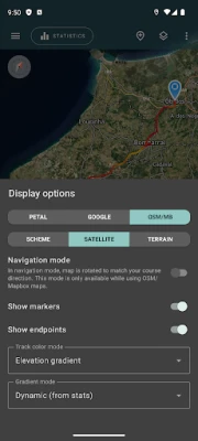 Sukeldu detailidesse tänu Geo Trackeri mitmekülgsetele kaardivalikutele. Vali OSM-i ja Google'i skeemide või Google'i ja Mapboxi satelliidipiltide vahel, et näha oma ümbrust ennenägematu detailsusega. Rakendus salvestab vaadatud kaardialad automaatselt sinu seadmesse, pakkudes mugavat võrguühenduseta juurdepääsu ka siis, kui internetiühendus puudub. Lisaks teekonna salvestamisele pakub Geo Tracker põhjalikku statistikat, mis hõlmab läbitud vahemaad, kiirusi (nii keskmist kui maksimaalset), kõrguste vahet, vertikaalset tõusu ja langust ning isegi kaldenurki. Kõik need andmed visualiseeritakse selgete graafikutena, andes sulle täieliku ülevaate igast seiklusest. Saad hõlpsasti märkida oma teekonnale olulisi punkte ja isegi leida koordinaatide abil kaardil mis tahes asukoha. Kui on vaja suunda, aitab navigatsioonirežiim kaardi automaatse pööramisega.
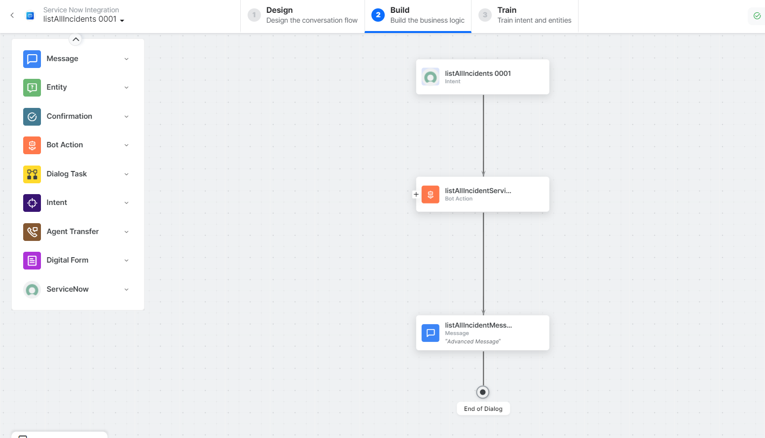 The List All Incidents dialog task is added for the ServiceNow with the following components:
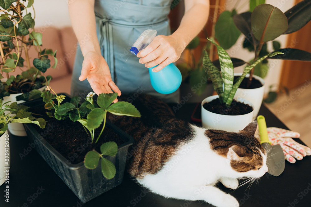Home gardening with your pet. Cropped unrecognizable Woman with cat transplanting a green houseplant into a new pot. Web banner. Florist works and sprays aquatic plants.
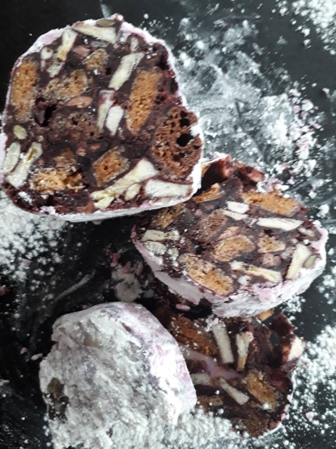 寒い季節になると焼き菓子が食べたくなる。クリスマスの時期になるとシュトーレンと同じくらい食べたくなるのが、チョコサラミ。ドライイチジクとバナナチップ・自家製ナツハゼジャム・mushamushaの手作りクッキーをクーベルチュールチョコで固めます。ナツハゼが入ることでさっぱりとした甘さに。色々な食感が楽しめる1品です。
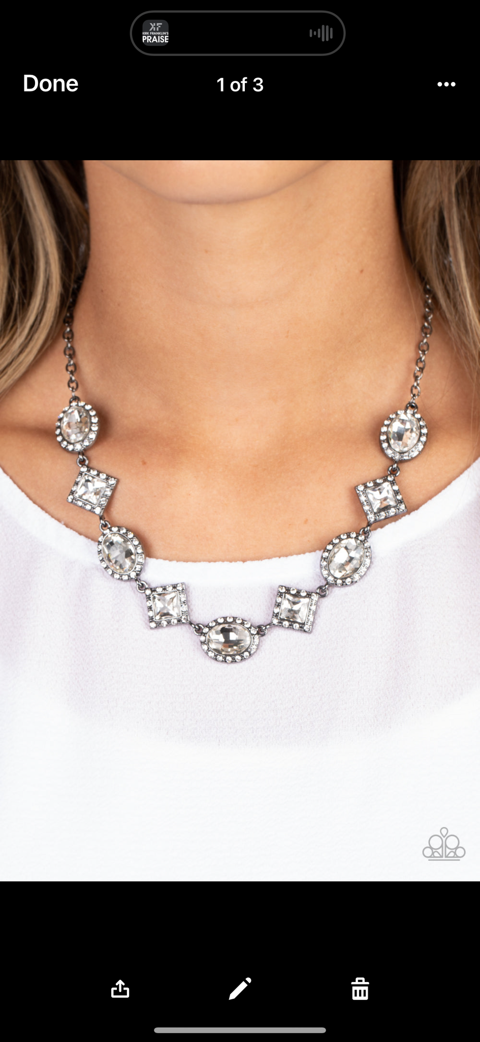 P2RE-BKXX-428XX Dazzling white rhinestones, in both oval and square cuts, fall along the collar in an alternating pattern. Each gem is set against a backdrop of gunmetal and bordered by tiny white rhinestones, amplifying their sparkle. In a dramatic finish, the square-cut gems are tilted on a point to maximize their impact. Features an adjustable clasp closure.
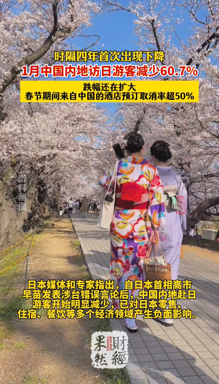 果然财经|四年来首降!1月中国内地访日游客减少超60%
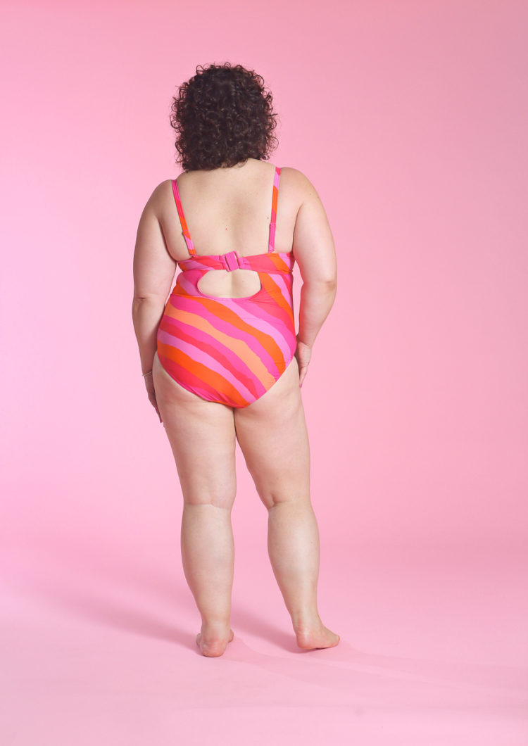 I love the print even more in person.  It's so darn happy and such a departure from most swimsuits that have tropical, watercolor, or animal print patterns.  However, an F cup was too big and like the orange and pink suit above, I was desiring more control or another layer of fabric in the torso to complement the structure of the bodice.  I did not take pictures of it without the strap because I knew the cups were too big and I would spill out.
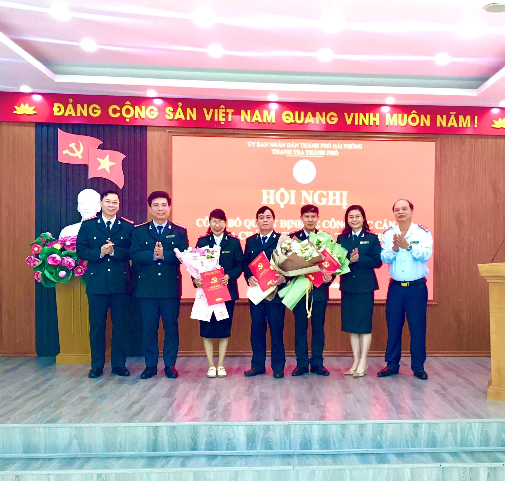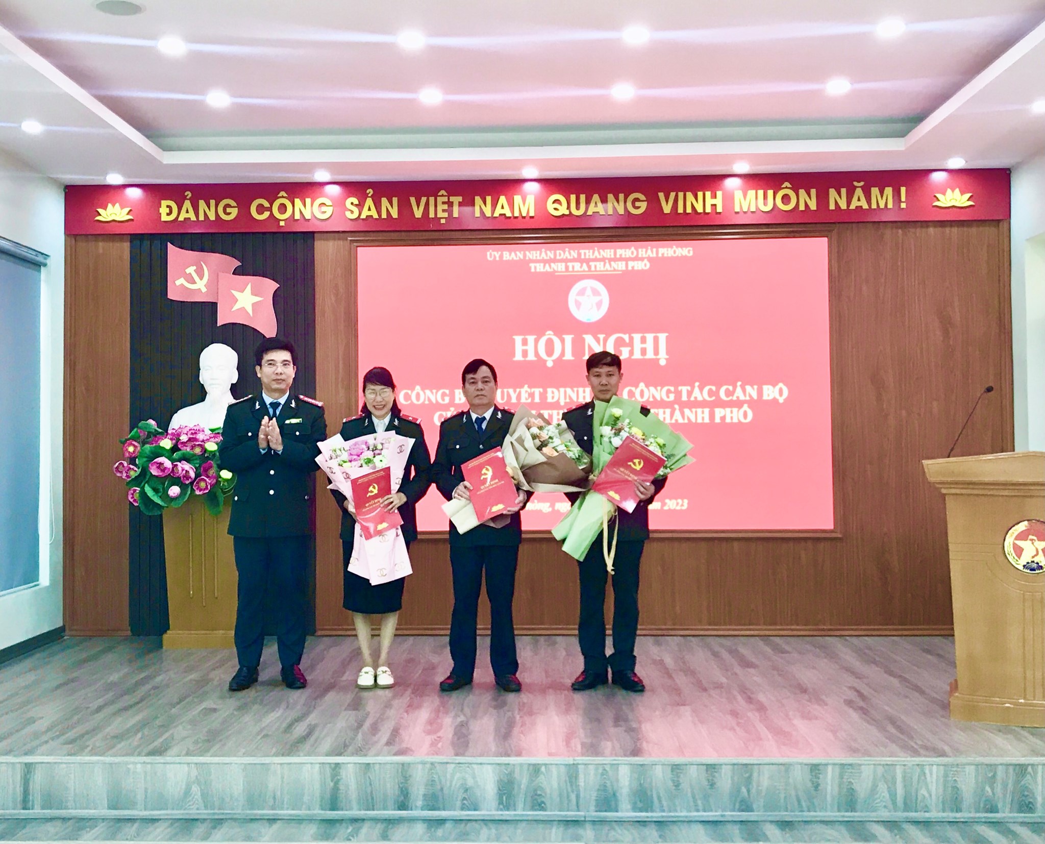 Tại hội nghị, tập thể lãnh đạo Thanh tra thành phố tặng hoa và chúc mừng các đồng chí Đoàn Ngọc Thưởng, Trương Thị Nhàn, Lê Văn Sở và mong muốn trên vị trí công tác mới các đồng chí sẽ phát huy trí lực, chung sức, đồng lòng cùng tập thể cán bộ, công chức cơ quan Thanh tra thành phố đoàn kết, tiếp nối được sự phát triển mạnh mẽ của Thanh tra thành phố trong thời gian qua.
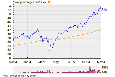 Looking at the chart above, AIQ’s low point in its 52 week range is $30.60 per share, with $53.75 as the 52 week high point — that compares with a last trade of $52.49. Comparing the most recent share price to the 200 day moving average can also be a useful technical analysis technique — learn more about the 200 day moving average ».
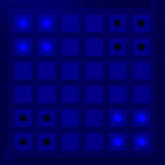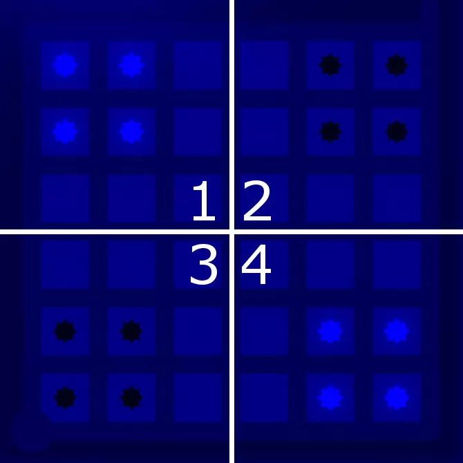 对于这个谜题,建议采用不同的方法,因为它的关键并非分离不同颜色的符号,而是将尽可能多不同颜色的符号组合在一起,即按照星爆规则,每组中每种颜色包含两个符号。只需几个步骤就能确定哪些符号颜色相同。 1. 蓝色图案结论 这是蓝色解决方案图案,共分为四个部分:
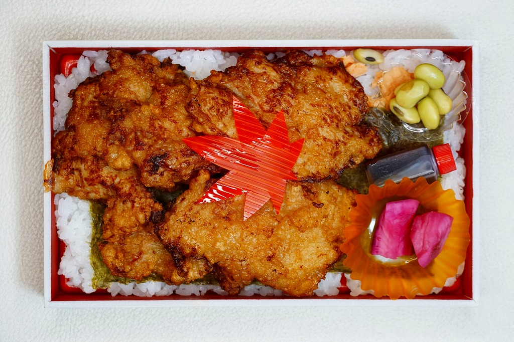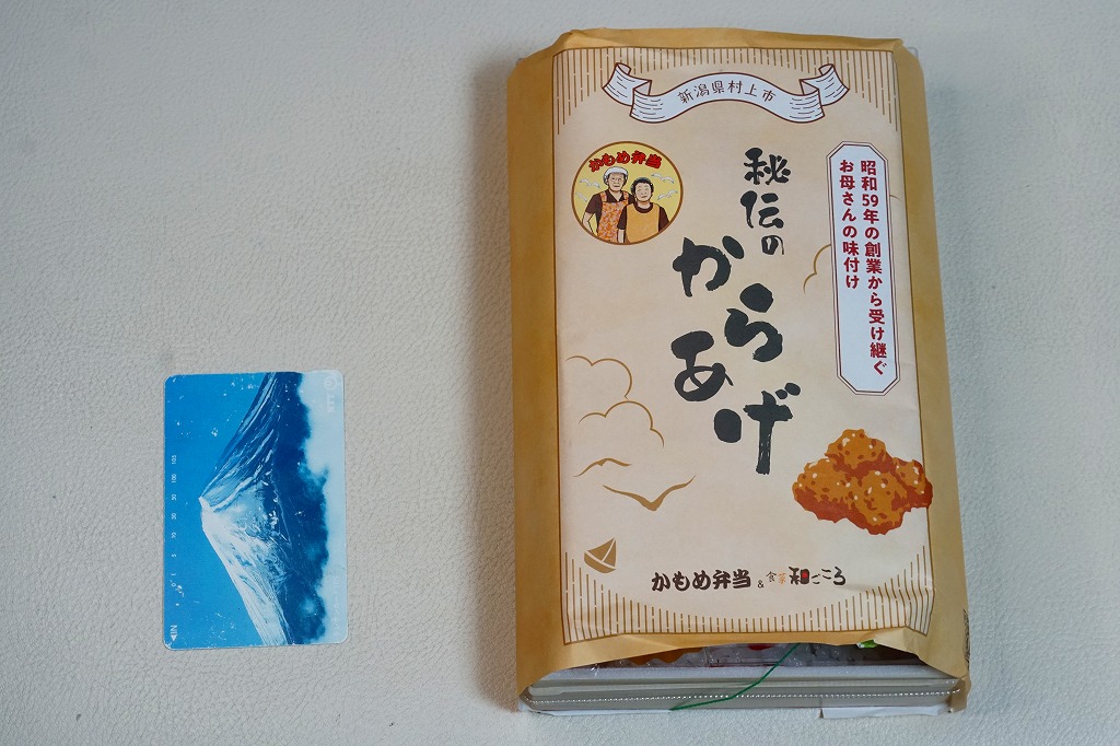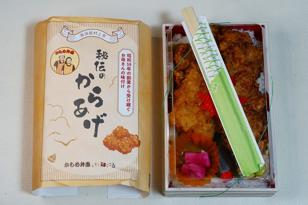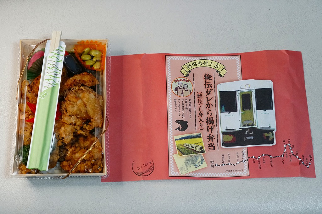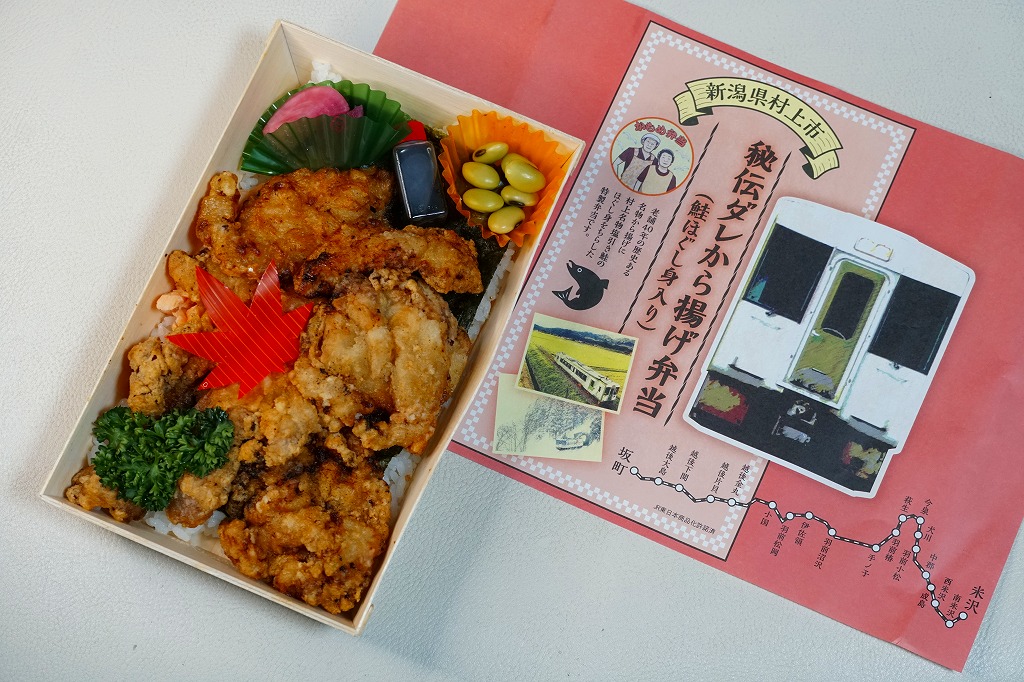 長方形の木質エコ容器に白飯を敷き、海苔を貼り、たっぷりの鶏唐揚で覆い、鮭ほぐし身を少し詰め、煮豆と漬物とたれを添える。日本全国のスーパーや惣菜・弁当店でおなじみの唐揚げ弁当を、元気にした感じ。実演販売ブースで配布したチラシによると、坂町駅から20kmくらい北で日本海に面した、羽越本線の線路と国道345号に沿う弁当店で、のりからあげ弁当(600円)を販売するという。
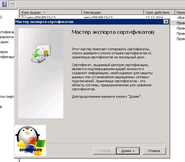 Экспорт сертификата с закрытым ключом.
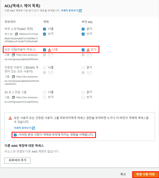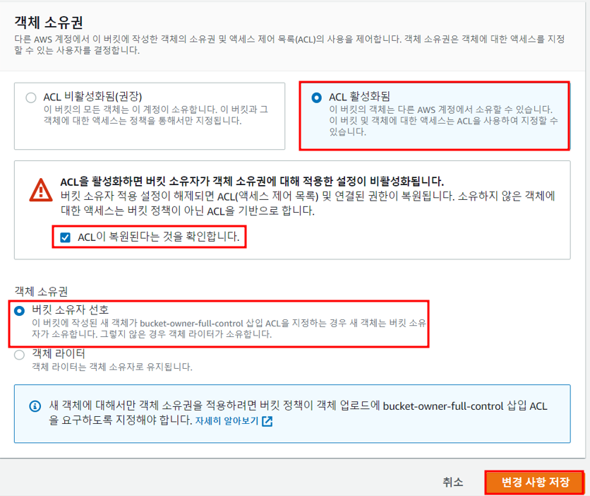 - ACL을 비활성화 하면 소유자만 버킷의 객체를 가질 수 있다
********
Repeat every line of the data above exactly, but drop the pictures.

Solution to the exercise ->
 Sukeldu detailidesse tänu Geo Trackeri mitmekülgsetele kaardivalikutele. Vali OSM-i ja Google'i skeemide või Google'i ja Mapboxi satelliidipiltide vahel, et näha oma ümbrust ennenägematu detailsusega. Rakendus salvestab vaadatud kaardialad automaatselt sinu seadmesse, pakkudes mugavat võrguühenduseta juurdepääsu ka siis, kui internetiühendus puudub. Lisaks teekonna salvestamisele pakub Geo Tracker põhjalikku statistikat, mis hõlmab läbitud vahemaad, kiirusi (nii keskmist kui maksimaalset), kõrguste vahet, vertikaalset tõusu ja langust ning isegi kaldenurki. Kõik need andmed visualiseeritakse selgete graafikutena, andes sulle täieliku ülevaate igast seiklusest. Saad hõlpsasti märkida oma teekonnale olulisi punkte ja isegi leida koordinaatide abil kaardil mis tahes asukoha. Kui on vaja suunda, aitab navigatsioonirežiim kaardi automaatse pööramisega.
 The List All Incidents dialog task is added for the ServiceNow with the following components:
Home gardening with your pet. Cropped unrecognizable Woman with cat transplanting a green houseplant into a new pot. Web banner. Florist works and sprays aquatic plants.
 寒い季節になると焼き菓子が食べたくなる。クリスマスの時期になるとシュトーレンと同じくらい食べたくなるのが、チョコサラミ。ドライイチジクとバナナチップ・自家製ナツハゼジャム・mushamushaの手作りクッキーをクーベルチュールチョコで固めます。ナツハゼが入ることでさっぱりとした甘さに。色々な食感が楽しめる1品です。
 P2RE-BKXX-428XX Dazzling white rhinestones, in both oval and square cuts, fall along the collar in an alternating pattern. Each gem is set against a backdrop of gunmetal and bordered by tiny white rhinestones, amplifying their sparkle. In a dramatic finish, the square-cut gems are tilted on a point to maximize their impact. Features an adjustable clasp closure.
 果然财经|四年来首降!1月中国内地访日游客减少超60%
 I love the print even more in person.  It's so darn happy and such a departure from most swimsuits that have tropical, watercolor, or animal print patterns.  However, an F cup was too big and like the orange and pink suit above, I was desiring more control or another layer of fabric in the torso to complement the structure of the bodice.  I did not take pictures of it without the strap because I knew the cups were too big and I would spill out.
 Tại hội nghị, tập thể lãnh đạo Thanh tra thành phố tặng hoa và chúc mừng các đồng chí Đoàn Ngọc Thưởng, Trương Thị Nhàn, Lê Văn Sở và mong muốn trên vị trí công tác mới các đồng chí sẽ phát huy trí lực, chung sức, đồng lòng cùng tập thể cán bộ, công chức cơ quan Thanh tra thành phố đoàn kết, tiếp nối được sự phát triển mạnh mẽ của Thanh tra thành phố trong thời gian qua.
 Looking at the chart above, AIQ’s low point in its 52 week range is $30.60 per share, with $53.75 as the 52 week high point — that compares with a last trade of $52.49. Comparing the most recent share price to the 200 day moving average can also be a useful technical analysis technique — learn more about the 200 day moving average ».
 对于这个谜题,建议采用不同的方法,因为它的关键并非分离不同颜色的符号,而是将尽可能多不同颜色的符号组合在一起,即按照星爆规则,每组中每种颜色包含两个符号。只需几个步骤就能确定哪些符号颜色相同。 1. 蓝色图案结论 这是蓝色解决方案图案,共分为四个部分:
 長方形の木質エコ容器に白飯を敷き、海苔を貼り、たっぷりの鶏唐揚で覆い、鮭ほぐし身を少し詰め、煮豆と漬物とたれを添える。日本全国のスーパーや惣菜・弁当店でおなじみの唐揚げ弁当を、元気にした感じ。実演販売ブースで配布したチラシによると、坂町駅から20kmくらい北で日本海に面した、羽越本線の線路と国道345号に沿う弁当店で、のりからあげ弁当(600円)を販売するという。
 Экспорт сертификата с закрытым ключом.
 - ACL을 비활성화 하면 소유자만 버킷의 객체를 가질 수 있다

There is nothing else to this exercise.